--- AVAILABLE RECORDS ---
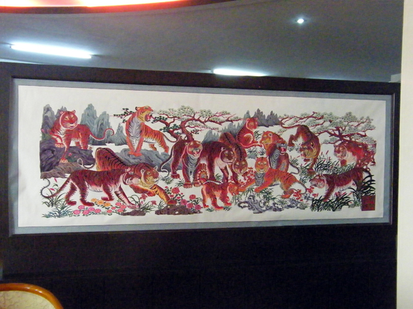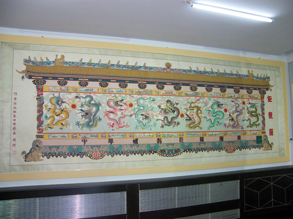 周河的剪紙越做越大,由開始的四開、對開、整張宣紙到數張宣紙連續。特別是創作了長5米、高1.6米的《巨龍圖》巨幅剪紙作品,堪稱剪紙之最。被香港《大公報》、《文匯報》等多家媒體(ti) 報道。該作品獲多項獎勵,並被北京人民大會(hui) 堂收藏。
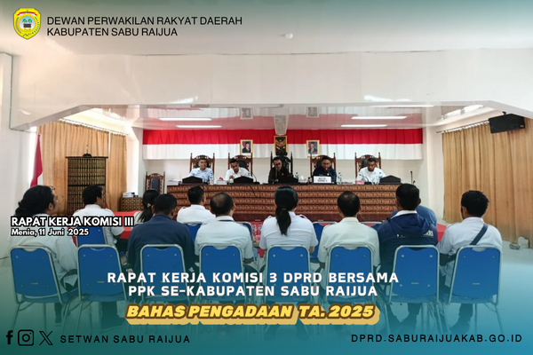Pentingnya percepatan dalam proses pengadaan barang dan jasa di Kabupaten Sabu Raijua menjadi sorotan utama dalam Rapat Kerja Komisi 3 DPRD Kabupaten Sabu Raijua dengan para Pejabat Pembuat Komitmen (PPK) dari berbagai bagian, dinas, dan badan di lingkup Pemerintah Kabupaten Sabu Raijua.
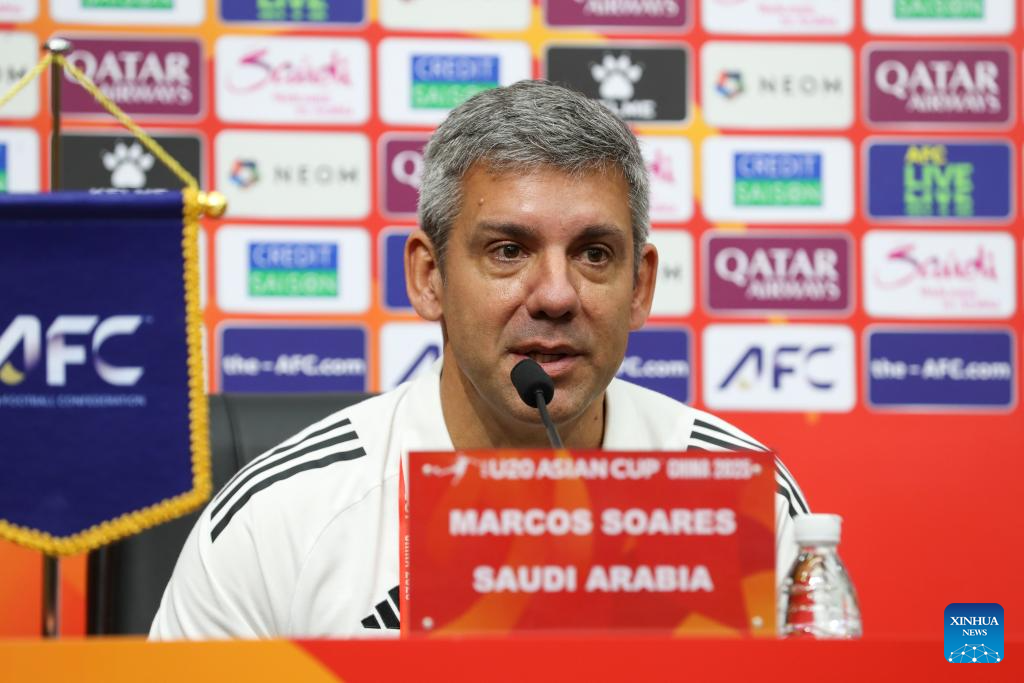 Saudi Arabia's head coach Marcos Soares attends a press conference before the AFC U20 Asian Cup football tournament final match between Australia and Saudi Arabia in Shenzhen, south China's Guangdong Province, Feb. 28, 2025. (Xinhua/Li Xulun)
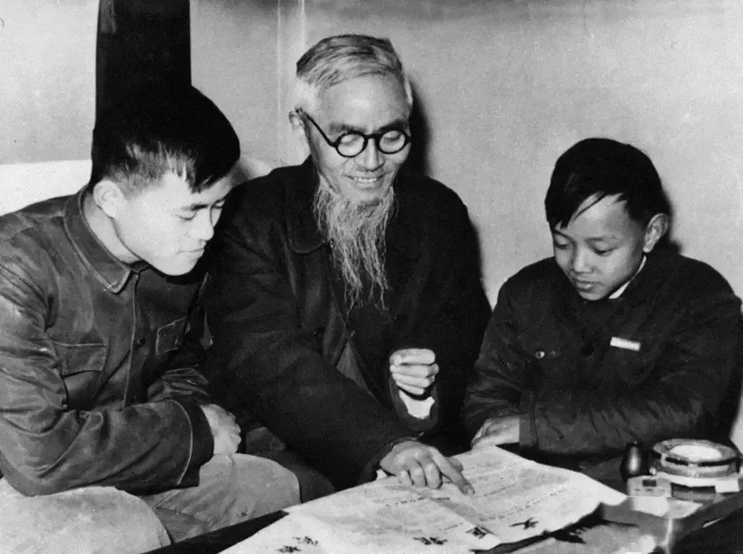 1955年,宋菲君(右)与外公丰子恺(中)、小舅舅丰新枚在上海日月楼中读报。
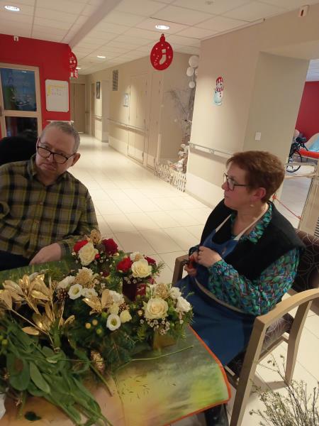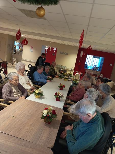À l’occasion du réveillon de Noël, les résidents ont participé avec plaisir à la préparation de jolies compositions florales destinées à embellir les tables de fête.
---
PROMPT - Where an entry holds a picture, leave the picture out and output the rest exactly.

PROBLEM SOLUTION -
 周河的剪紙越做越大,由開始的四開、對開、整張宣紙到數張宣紙連續。特別是創作了長5米、高1.6米的《巨龍圖》巨幅剪紙作品,堪稱剪紙之最。被香港《大公報》、《文匯報》等多家媒體(ti) 報道。該作品獲多項獎勵,並被北京人民大會(hui) 堂收藏。
Pentingnya percepatan dalam proses pengadaan barang dan jasa di Kabupaten Sabu Raijua menjadi sorotan utama dalam Rapat Kerja Komisi 3 DPRD Kabupaten Sabu Raijua dengan para Pejabat Pembuat Komitmen (PPK) dari berbagai bagian, dinas, dan badan di lingkup Pemerintah Kabupaten Sabu Raijua.
 Saudi Arabia's head coach Marcos Soares attends a press conference before the AFC U20 Asian Cup football tournament final match between Australia and Saudi Arabia in Shenzhen, south China's Guangdong Province, Feb. 28, 2025. (Xinhua/Li Xulun)
 1955年,宋菲君(右)与外公丰子恺(中)、小舅舅丰新枚在上海日月楼中读报。
À l’occasion du réveillon de Noël, les résidents ont participé avec plaisir à la préparation de jolies compositions florales destinées à embellir les tables de fête.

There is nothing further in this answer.